If you are considering using Logstash to ship the data from kafka to Elasticsearch, please be aware the structure of the documents sent from Elastic Agent to kafka must not be modified by Logstash. We suggest disabling ecs_compatibility on both the kafka input and the json codec in order to make sure the input doesn’t edit the fields and their contents.

The data streams set up by the integrations expect to receive events having the same structure and field names as they were sent directly from an Elastic Agent.

Refer to Logstash output for Elastic Agent documentation for more details.

inputs {
  kafka {
    ...
    ecs_compatibility => "disabled"
    codec => json { ecs_compatibility => "disabled" }
    ...
  }
}
...

The kafka output supports the following settings, grouped by category.

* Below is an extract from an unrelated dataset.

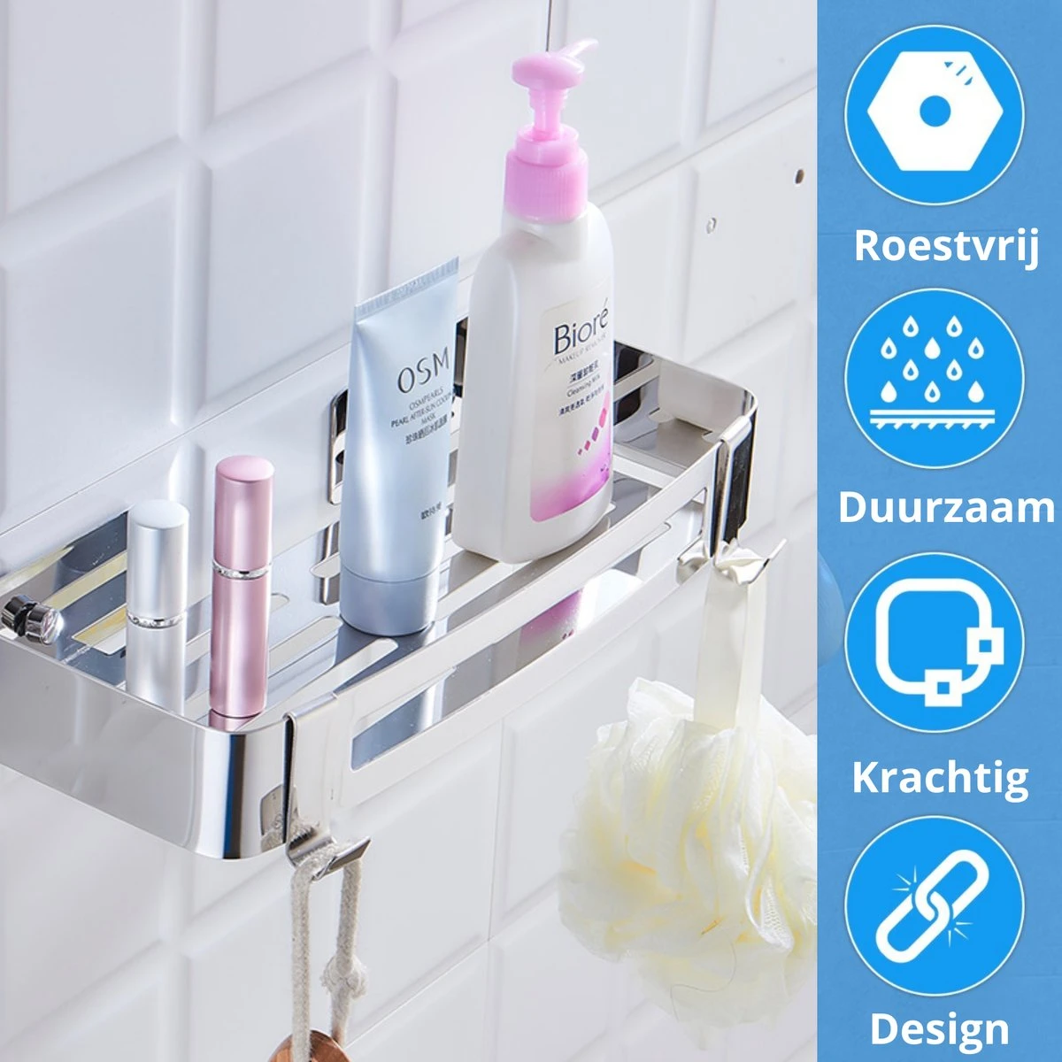 Het 2-laagse doucherek is van 100% RVS wat ervoor zorgt dat het doucherekje niet alleen roestvrij is, maar ook erg stevig. Door de gleuven in de bodem van elke etage kan het water altijd wegstromen, waardoor er geen kalkaanslag op het doucherekje kan vormen. Zo bent u verzekerd van een lange levensduur.

Many of these settings have sensible defaults that allow you to run Elastic Agent with minimal configuration.

Setting Description

enabled
(boolean) Enables or disables the output. If set to false, the output is disabled.

hosts
The addresses your Elastic Agents will use to connect to one or more Kafka brokers.

Following is an example hosts setting with three hosts defined:

yaml<br> hosts:<br> - 'localhost:9092'<br> - 'mykafkahost01:9092'<br> - 'mykafkahost02:9092'<br>

version
Kafka protocol version that Elastic Agent will request when connecting. Defaults to 1.0.0.

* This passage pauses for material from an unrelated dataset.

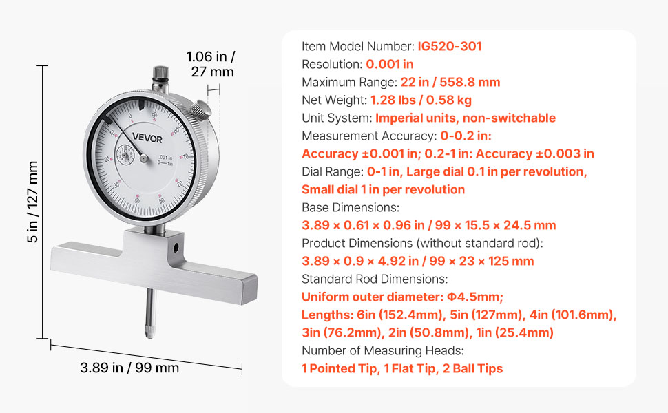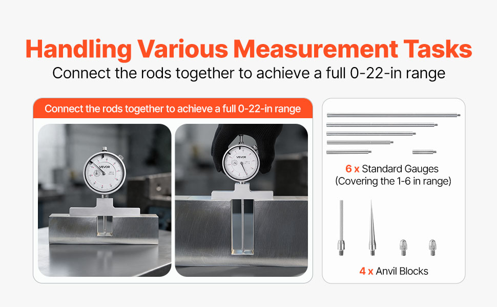 Versatile Measurement Tasks: This depth gauges include four anvils to suit different workpieces. Six calibration rods can be combined for a 0–22 in range, ideal for measuring metal sheets, grooves, and other depths, meeting professional metalworking needs

The protocol version controls the Kafka client features available to Elastic Agent; it does not prevent Elastic Agent from connecting to Kafka versions newer than the protocol version.
Setting Description

username
The username for connecting to Kafka. If username is configured, the password must be configured as well.

password
The password for connecting to Kafka.

sasl.mechanism
The SASL mechanism to use when connecting to Kafka. It can be one of:

* PLAIN for SASL/PLAIN.
* SCRAM-SHA-256 for SCRAM-SHA-256.
* SCRAM-SHA-512 for SCRAM-SHA-512. If sasl.mechanism is not set, PLAIN is used if username and password are provided. Otherwise, SASL authentication is disabled.

ssl
When sending data to a secured cluster through the kafka output, Elastic Agent can use SSL/TLS. For a list of available settings, refer to SSL/TLS, specifically the settings under Table 7, Common configuration options and Table 8, Client configuration options.

The memory queue keeps all events in memory.

The memory queue waits for the output to acknowledge or drop events. If the queue is full, no new events can be inserted into the memory queue. Only after the signal from the output will the queue free up space for more events to be accepted.

The memory queue is controlled by the parameters flush.min_events and flush.timeout. flush.min_events gives a limit on the number of events that can be included in a single batch, and flush.timeout specifies how long the queue should wait to completely fill an event request. If the output supports a bulk_max_size parameter, the maximum batch size will be the smaller of bulk_max_size and flush.min_events.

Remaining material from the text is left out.